- Directed by: Mario Andreacchio
- Written by: Robert Geoffrion
- Based on: Novel by Amanda McKay
- Produced by: Terry J. Charatsis Micheline Charest
- Starring: Natalie Vansier
- Cinematography: Tony Clark
- Edited by: Jean-Marie Drot
- Music by: Christopher Dedrick
- Production companies: CINAR Corporation Film Tonic
- Distributed by: United International Pictures
- Release date: 1 July 1999;
- Running time: 90 minutes
- Country: Australia
- Language: English
- Box office: A$1,291,802 (Australia)

= Sally Marshall Is Not an Alien =

Sally Marshall Is Not an Alien is a 1999 family drama film starring Helen Neville, Natalie Vansier, and Thea Gumbert. It was released on July 1, 1999, in Australia.

== Plot ==
Pip Lawson, a space-obsessed 12-year-old, makes a bet with a local bully, Rhonnie Bronston, to prove that the Marshalls, an oddball family moving into the neighborhood, are not aliens. With her telescope on the line, Pip befriends her new neighbor, Sally Marshall, and works to win the bet.

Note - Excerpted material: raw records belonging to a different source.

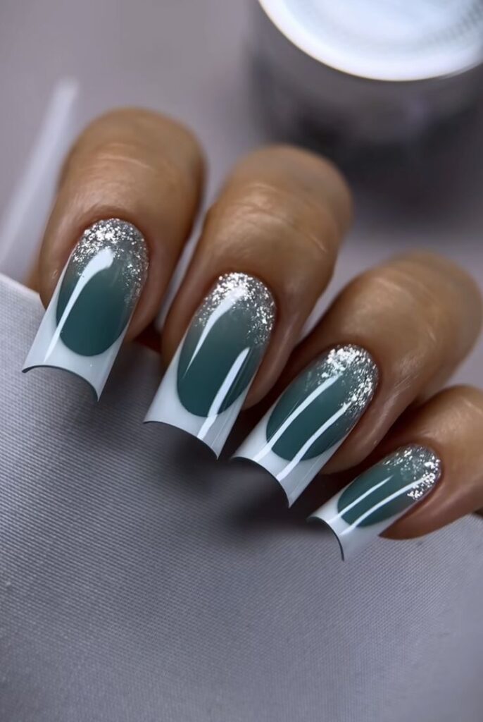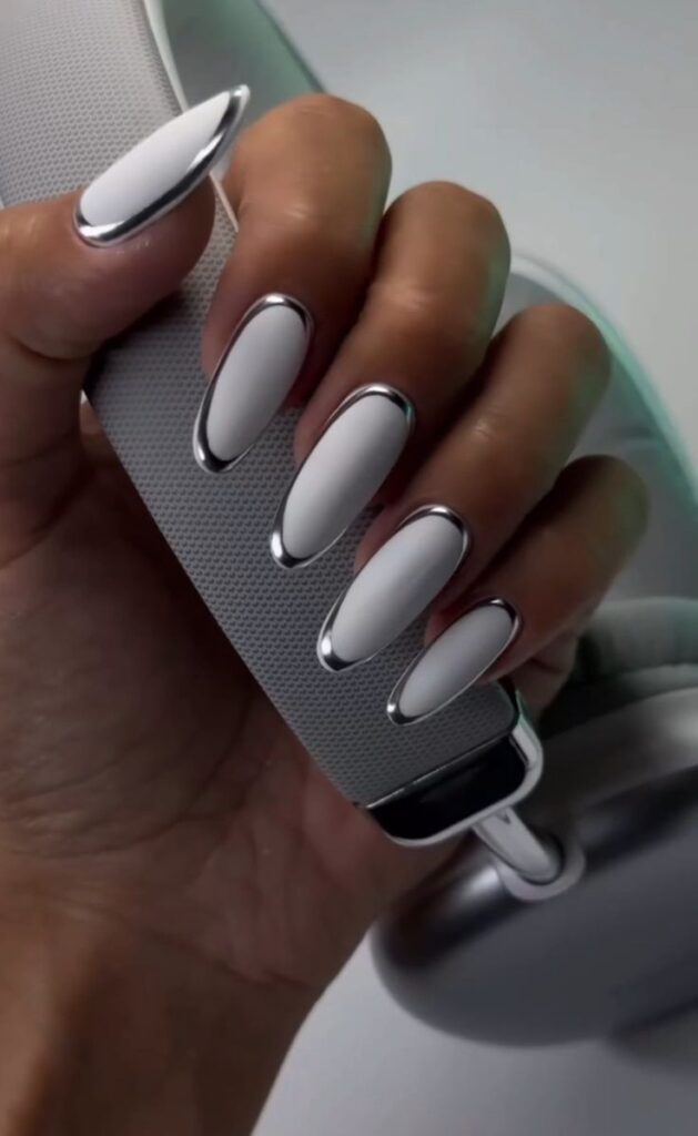 2. Серебряным хромированным лаком рисуем френч, даем высохнуть.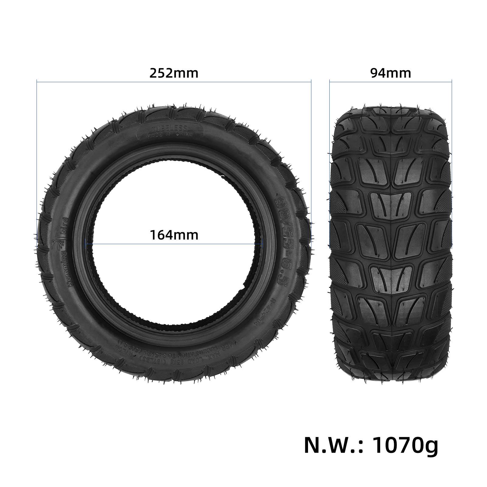 Neumático sin cámara Humming Bird 90/55-6.5, engrosado y ensanchado, para patinetes eléctricos.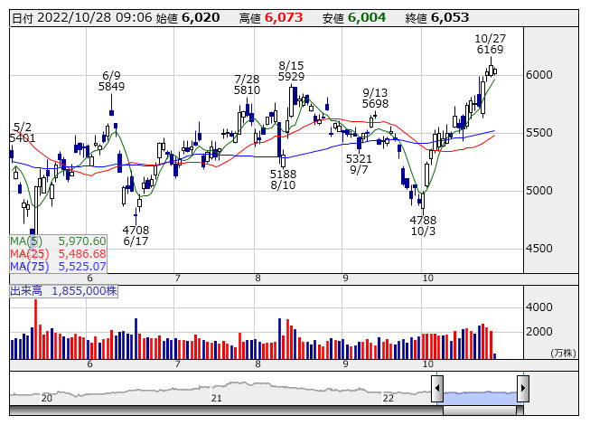 1. <9984> SBG 東証P 2,875 6053 ( -0.6 ) 日経225・JPX日経400採用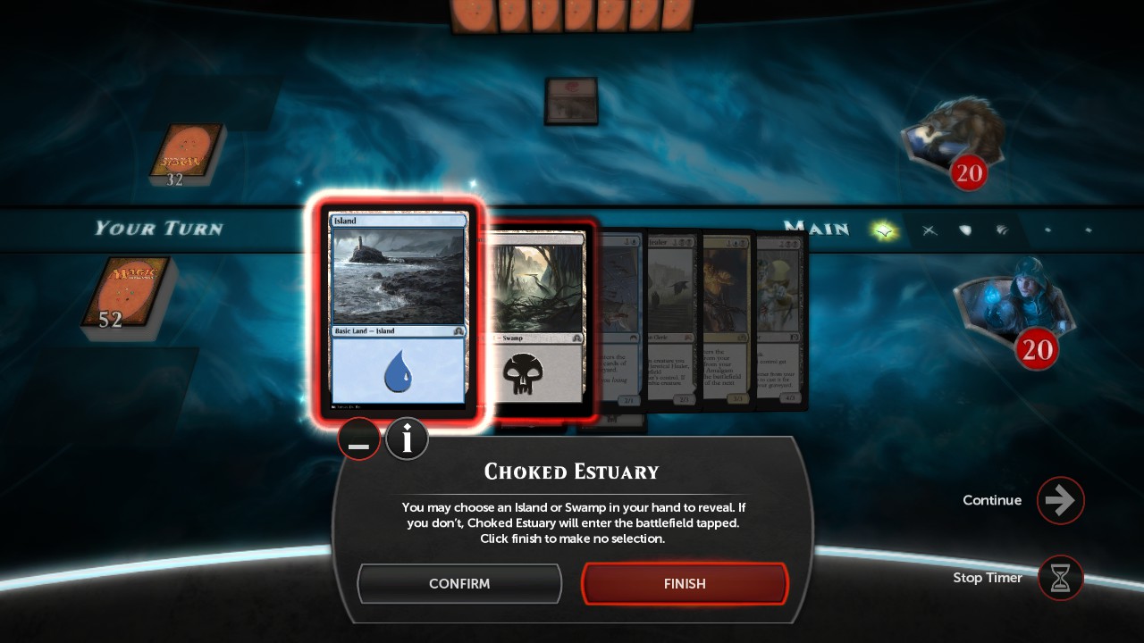 <LOCALISED_TEXT LanguageCode="en-US"><![CDATA[You may choose an Island or Swamp in your hand to reveal. If you don’t, Choked Estuary will enter the battlefield tapped. Click finish to make no selection.]]></LOCALISED_TEXT>

As Sally becomes the new target for Rhonnie and her gang of friends, Pip quits the bet, still maintaining her original position. After reaffirming their friendship, Sally reveals that she and the rest of her family are, in fact, aliens. They leave Earth in a UFO as Pip watches on. The telescope is returned, and Pip becomes friends with the former bully and the other neighborhood children.

== Cast ==
- Helen Neville as Pip Lawson
- Natalie Vansier as Sally Marshall
- Thea Gumbert as Rhonnie Bronston
- Glenn McMillian as Ben Handleman
- Lachlan Hodgson as Nick Jessop
- Vince Poletto as Wayne Marshall
- Melissa Jafer as Granny Marshall
- Mac Teedie as Mr.Marshall
- Peter O'Brien as David Lawson
- Paul Gordon

== Reception ==
In David Stratton's Variety review he wrote: "A cautionary tale about the importance of welcoming strangers into your community, Sally Marshall Is Not An Alien rams home its timeless message. Aimed at a niche audience of prepubescent females, pic has opened across Australia for the school holidays, but modest results are to be expected. Down the track, however, it could become a perennial video attraction for its target audience."